Miller R T, Jones D T, Thornton J M
Department of Biochemistry and Molecular Biology, University College, London, United Kingdom.
FASEB J. 1996 Jan;10(1):171-8. doi: 10.1096/fasebj.10.1.8566539.
Protein fold recognition has been approached by threading an amino acid sequence onto a library of folds, calculating a sequence-structure compatibility score, and ranking these scores. Due to imperfections in the empirically derived pairwise potential functions and the necessarily heuristic approach to the sequence-structure alignment problem, the method benefits from the assessment of threaded models to evaluate the most probable structures among the list of possible folds.

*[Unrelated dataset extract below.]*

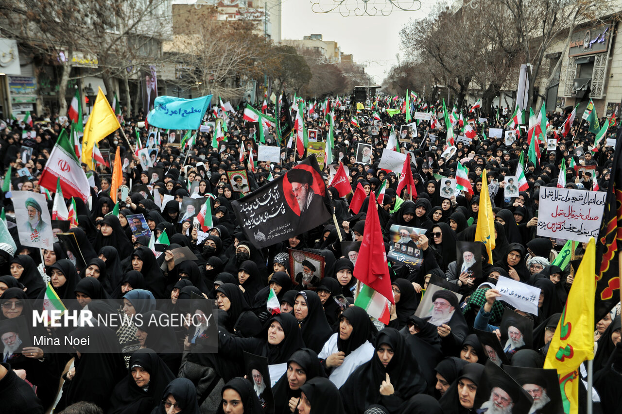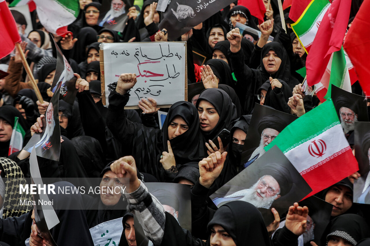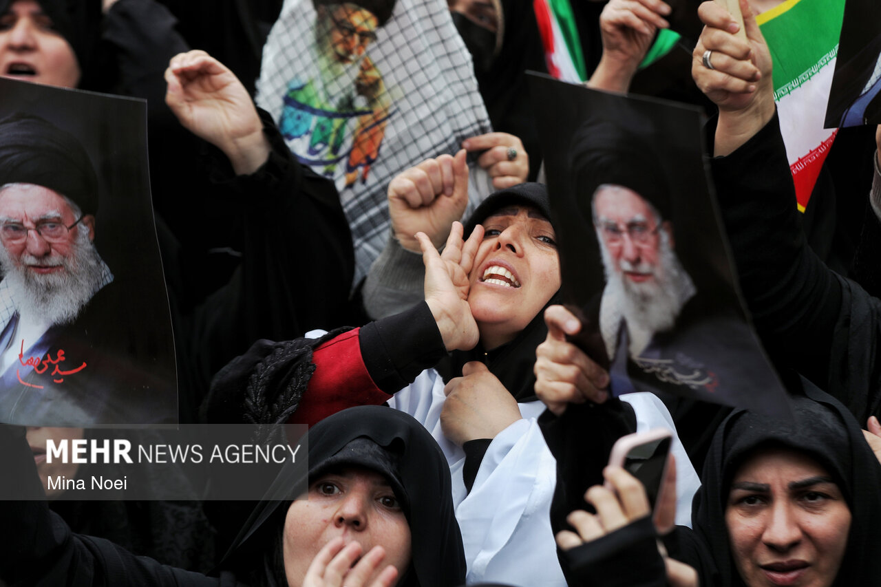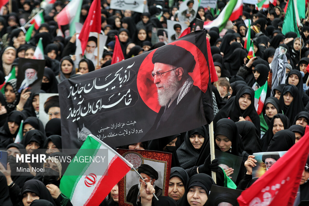 Tebriz'de kadınlar, ABD ve İsrail saldırılarında şehit düşen İslam Devrimi Lideri Ayetullah Hamaney ve diğer şehitleri anmak için toplandı.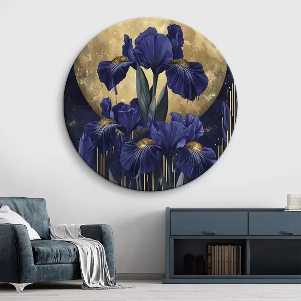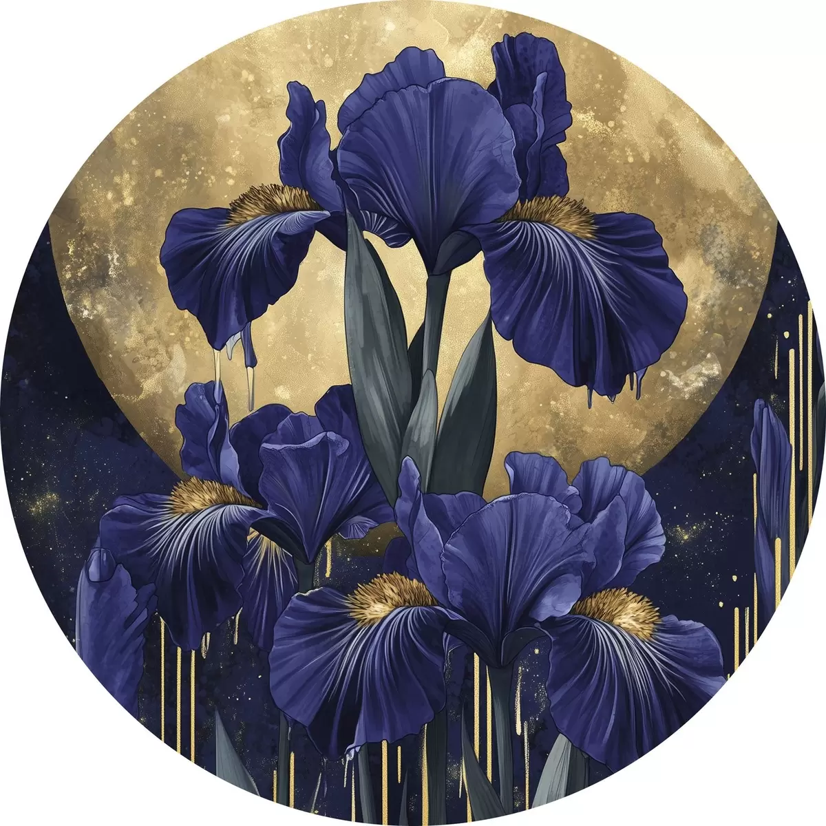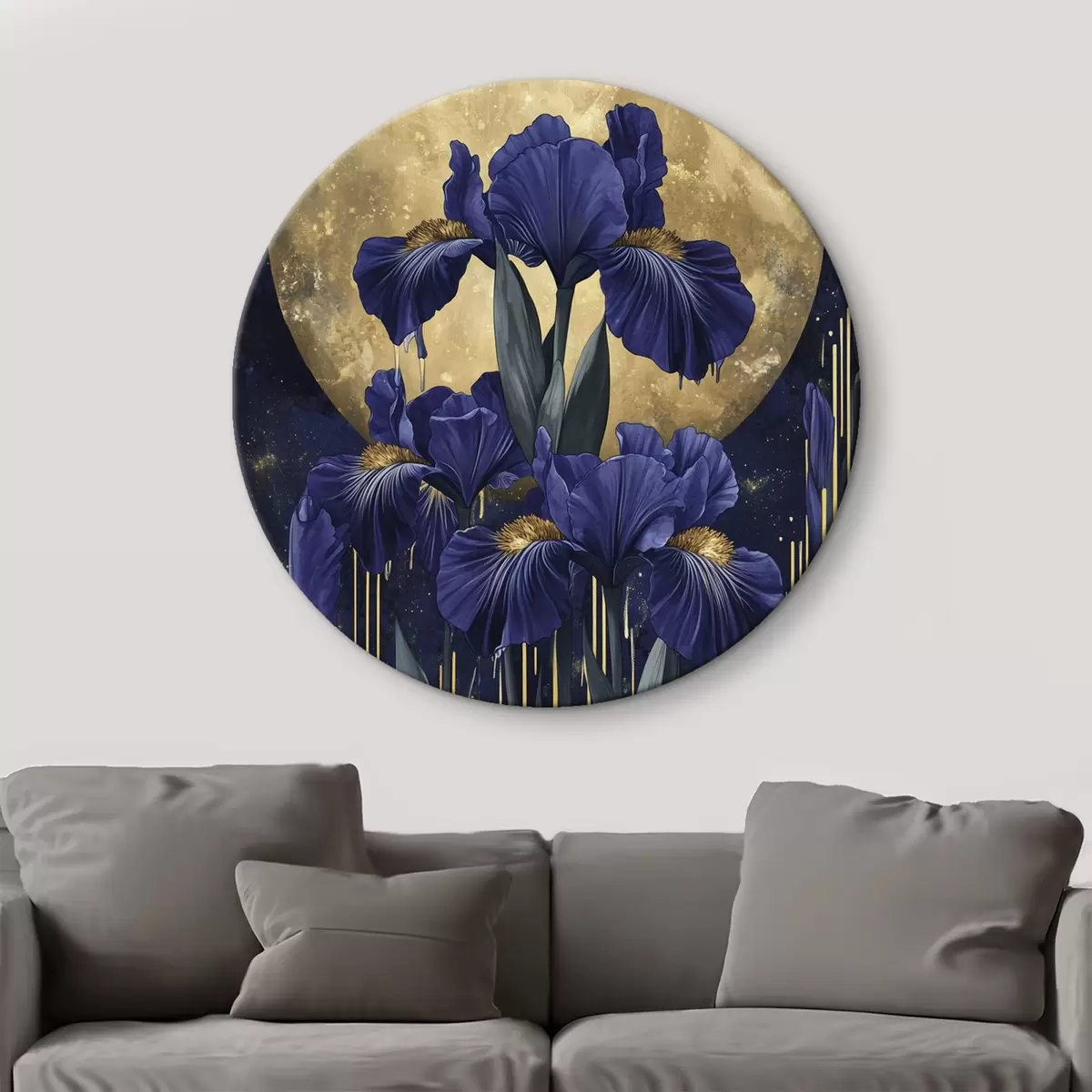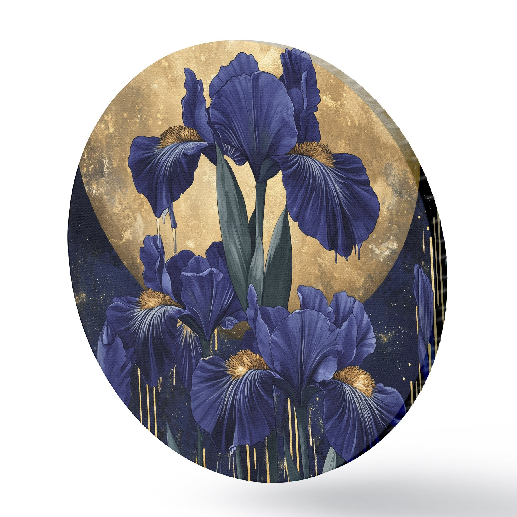 Apaļas gleznas Īrisu ziedi, mirdzošs mēness, nakts debesis, zilas krāsas r44510

THREADER and ANALYST, software tools available through the Internet, facilitate the alignment and assessment steps of a threading prediction. No process has been found to be universally reliable for the detection of folds related to the structure of a known input sequence, but several useful steps and approaches are discussed.
蛋白质折叠识别是通过将氨基酸序列套用到折叠库上,计算序列-结构兼容性得分,并对这些得分进行排序来实现的。由于经验推导的成对势函数存在缺陷,以及序列-结构比对问题必然采用启发式方法,该方法受益于对套入模型的评估,以评估可能折叠列表中最可能的结构。THREADER和ANALYST是可通过互联网获取的软件工具,它们有助于套入预测的比对和评估步骤。尚未发现有任何方法对于检测与已知输入序列结构相关的折叠是普遍可靠的,但本文讨论了一些有用的步骤和方法。